» Task requirements
Please repeat exactly the lines below from the line with "The Wychwood Boot" to the line with "Viola Milano –", including both, and leave out every picture.

» Dataset
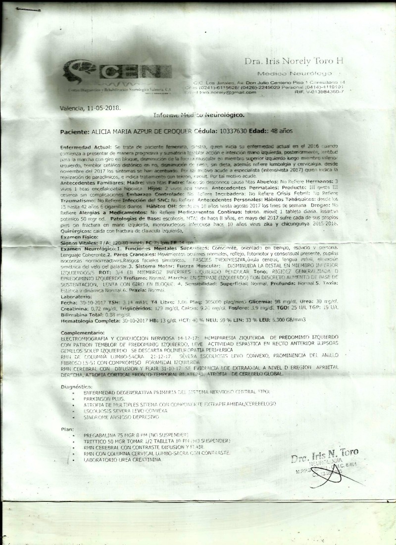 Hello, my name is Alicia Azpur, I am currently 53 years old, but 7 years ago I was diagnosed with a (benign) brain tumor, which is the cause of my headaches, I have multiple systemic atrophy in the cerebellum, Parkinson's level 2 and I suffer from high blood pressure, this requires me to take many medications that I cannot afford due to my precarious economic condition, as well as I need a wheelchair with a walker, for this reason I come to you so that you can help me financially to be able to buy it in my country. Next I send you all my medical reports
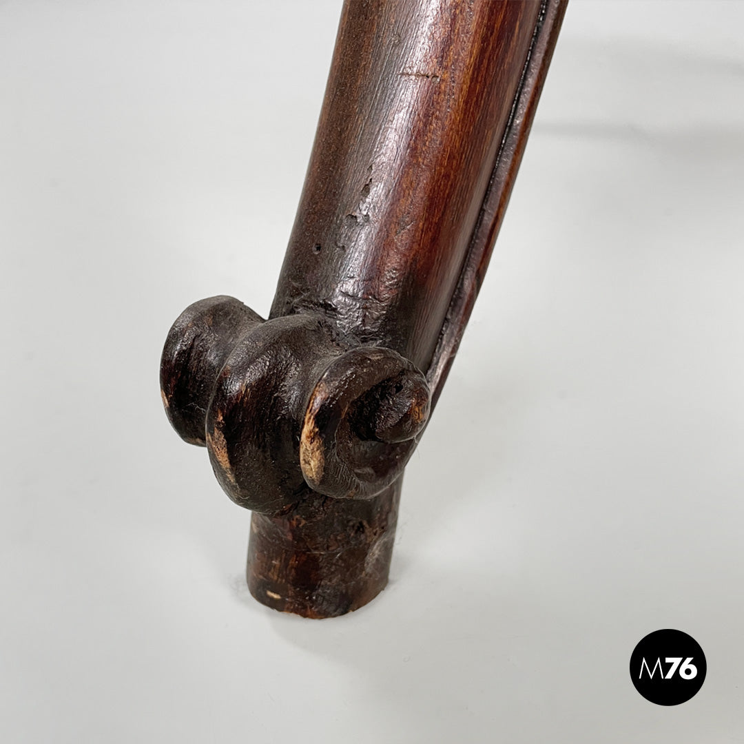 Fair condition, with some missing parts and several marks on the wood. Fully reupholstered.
* * *
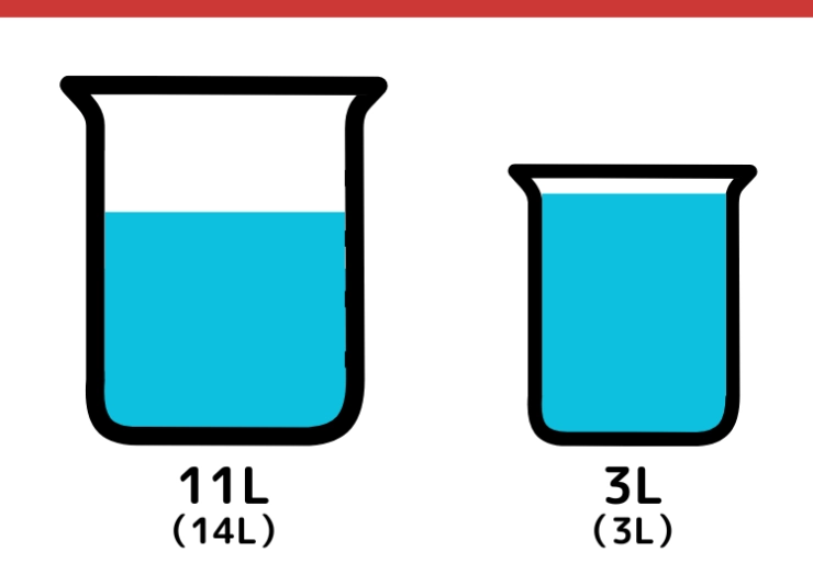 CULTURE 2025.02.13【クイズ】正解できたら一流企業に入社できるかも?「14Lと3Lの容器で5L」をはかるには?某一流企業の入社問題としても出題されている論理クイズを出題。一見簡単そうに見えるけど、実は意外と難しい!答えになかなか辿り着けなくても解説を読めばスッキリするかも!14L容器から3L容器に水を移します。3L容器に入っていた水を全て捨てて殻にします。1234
* * *
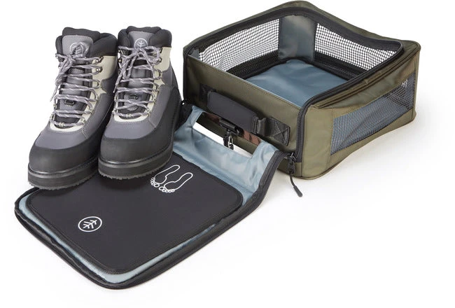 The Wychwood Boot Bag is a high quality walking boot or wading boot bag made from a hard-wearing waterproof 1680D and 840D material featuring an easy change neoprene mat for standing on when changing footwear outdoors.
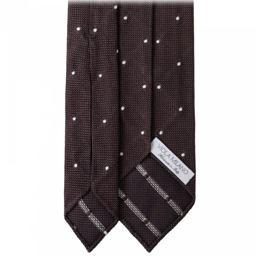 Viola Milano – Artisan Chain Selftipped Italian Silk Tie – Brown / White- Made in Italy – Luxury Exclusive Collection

» Written solution
 The Wychwood Boot Bag is a high quality walking boot or wading boot bag made from a hard-wearing waterproof 1680D and 840D material featuring an easy change neoprene mat for standing on when changing footwear outdoors.
 Viola Milano – Artisan Chain Selftipped Italian Silk Tie – Brown / White- Made in Italy – Luxury Exclusive Collection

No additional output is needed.